By the way, I have no reason to believe that this or any other coins I have is biased in flips (and frankly, I simply don't care), so I didn't check flips on this or any other coins. Looking back I'm wondering why I even did on the first penny.

Anyway, looking at one type of penny at a time seems prudent as a start, so I'm simply going to let the shield penny slide for now.

There's another part to this, though, and it's the whole standing up and bumping. The idea is that if you put a penny on its edge, then destabilize it, it's biased again toward tails.

Turns out it's not the easiest thing to stand a penny on its edge, but the results seemed so clear so quick that I didn't have to do it for long. Of ten attempts, I ended up with 9 tails and only 1 heads.

Before you start speculating, I also tried to vary things as much as possible (you might say introduce as many confounds as possible) as to check that it wasn't just the fact that my table was tilted in one direction or another. If one trial was in one area I tested the next with the coin 180 degrees from that, then 90, then 180 from the 90, then a whole different area of the table.
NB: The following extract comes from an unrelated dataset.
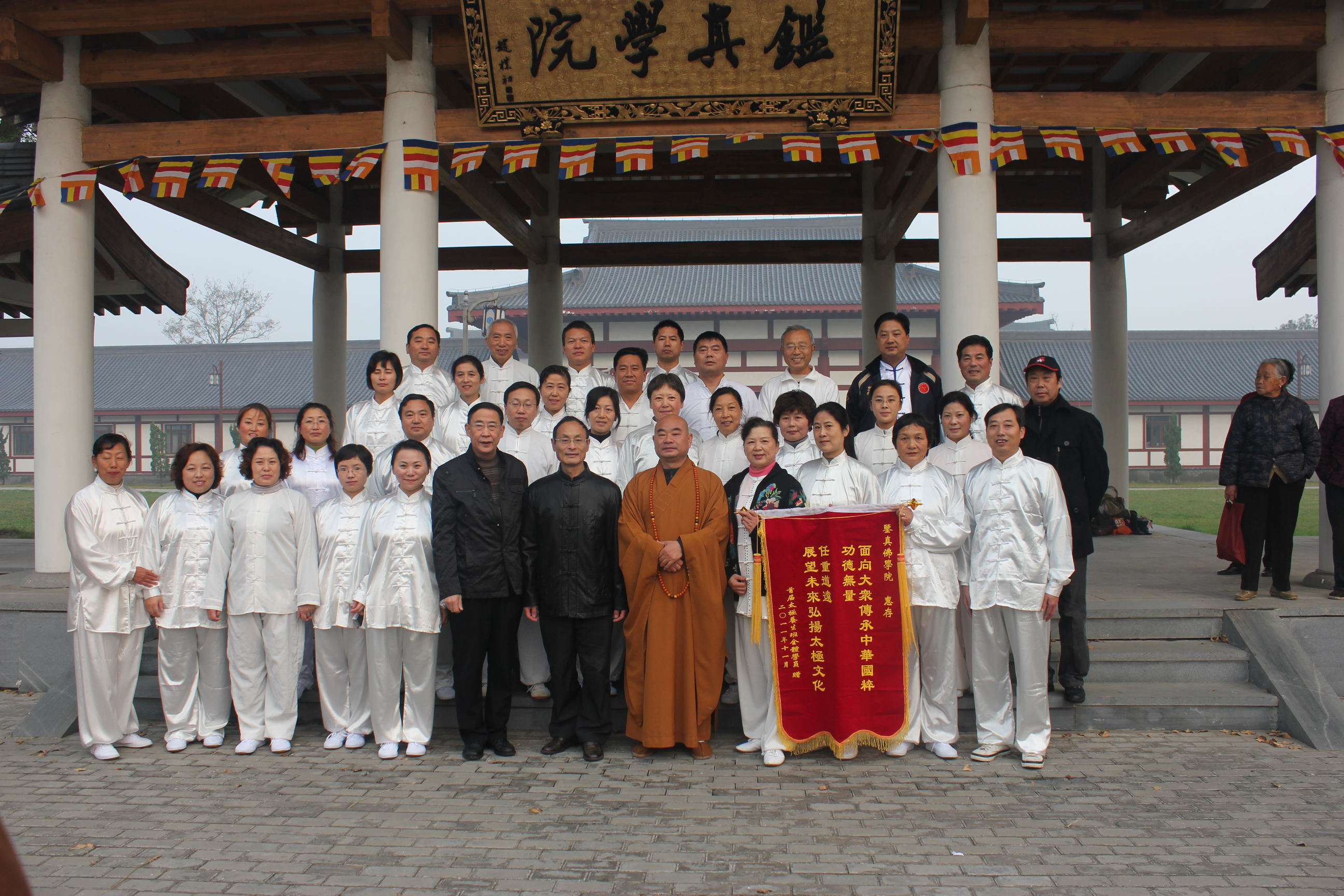 2011年11月23日7:30分,鉴真佛教学院首期太极养生班30多名学员进行了太极汇报表演。为回报社会,利益众生,本期太极班全部面向社会免费招收,由国家级资深武术裁判,扬州大学体育教授仇志刚先生亲自教练;能修方丈出席结业仪式并开示,勉励学员用太极练好身体,用佛教思想调节好内心,为社会多做贡献。院领导蒋寿建、朱操、教务长仁如法师出席活动。(办公室宋华忠)太极表...

I also tried to bump the table with fairly uniform strikes from my fists some distance away from the coin and from random (and sometimes dual and competing) directions. Nothing really seemed to change the fact that this coin wanted to go tails up.

Intrigued, I reached the part where science comes into play.

Some of the brightest people I've ever worked with have always pushed the idea that unless you're able to manipulate an event, you don't actually understand it.

In this case, people claim to understand how this whole penny problem is working out. They postulate that it's one of the two above ideas, but I've been unable to find anyone who has actually sat down to manipulate either of them to actually strengthen (or weaken) the effect.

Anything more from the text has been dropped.